### TASK DIRECTIONS
Each line in the material below, starting at the one with "11月8日,汉语国际教育本科" and ending at the one with "Assim como acontece", is to be reproduced exactly; no picture is to be copied.

### EXERCISE MATERIALS
________________________________________

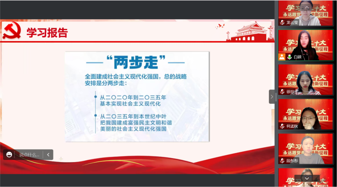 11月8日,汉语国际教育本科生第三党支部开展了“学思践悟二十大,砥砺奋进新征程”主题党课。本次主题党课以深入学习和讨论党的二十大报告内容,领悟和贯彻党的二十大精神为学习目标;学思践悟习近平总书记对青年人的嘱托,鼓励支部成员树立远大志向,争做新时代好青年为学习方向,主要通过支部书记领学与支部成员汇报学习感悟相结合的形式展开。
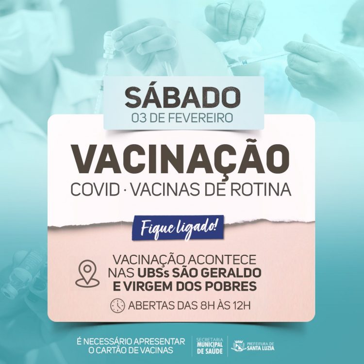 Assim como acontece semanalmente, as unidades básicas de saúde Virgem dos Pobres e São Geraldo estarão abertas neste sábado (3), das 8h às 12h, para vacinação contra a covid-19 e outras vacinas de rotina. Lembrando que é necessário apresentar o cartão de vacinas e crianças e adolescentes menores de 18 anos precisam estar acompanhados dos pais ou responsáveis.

________________________________________

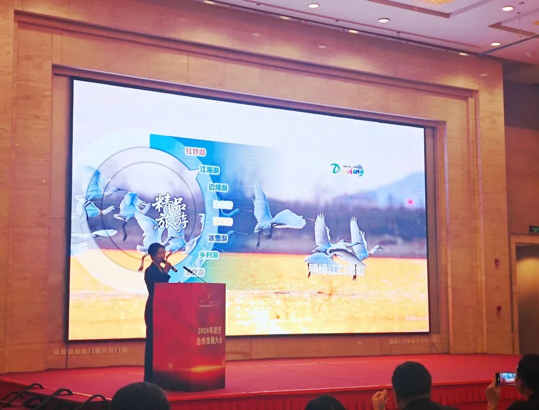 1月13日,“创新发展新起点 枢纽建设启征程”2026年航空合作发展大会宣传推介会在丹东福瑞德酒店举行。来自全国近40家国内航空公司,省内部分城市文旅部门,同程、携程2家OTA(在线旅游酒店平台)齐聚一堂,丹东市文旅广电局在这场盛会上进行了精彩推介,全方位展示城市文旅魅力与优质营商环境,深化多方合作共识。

________________________________________

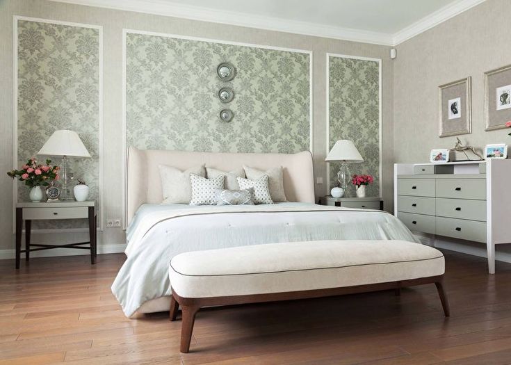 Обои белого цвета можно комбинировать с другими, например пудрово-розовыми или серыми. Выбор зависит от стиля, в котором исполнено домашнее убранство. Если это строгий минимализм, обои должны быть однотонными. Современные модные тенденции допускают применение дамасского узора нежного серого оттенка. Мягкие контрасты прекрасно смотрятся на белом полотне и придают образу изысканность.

________________________________________

### RESPONSE TO THE EXERCISE
 11月8日,汉语国际教育本科生第三党支部开展了“学思践悟二十大,砥砺奋进新征程”主题党课。本次主题党课以深入学习和讨论党的二十大报告内容,领悟和贯彻党的二十大精神为学习目标;学思践悟习近平总书记对青年人的嘱托,鼓励支部成员树立远大志向,争做新时代好青年为学习方向,主要通过支部书记领学与支部成员汇报学习感悟相结合的形式展开。
 Assim como acontece semanalmente, as unidades básicas de saúde Virgem dos Pobres e São Geraldo estarão abertas neste sábado (3), das 8h às 12h, para vacinação contra a covid-19 e outras vacinas de rotina. Lembrando que é necessário apresentar o cartão de vacinas e crianças e adolescentes menores de 18 anos precisam estar acompanhados dos pais ou responsáveis.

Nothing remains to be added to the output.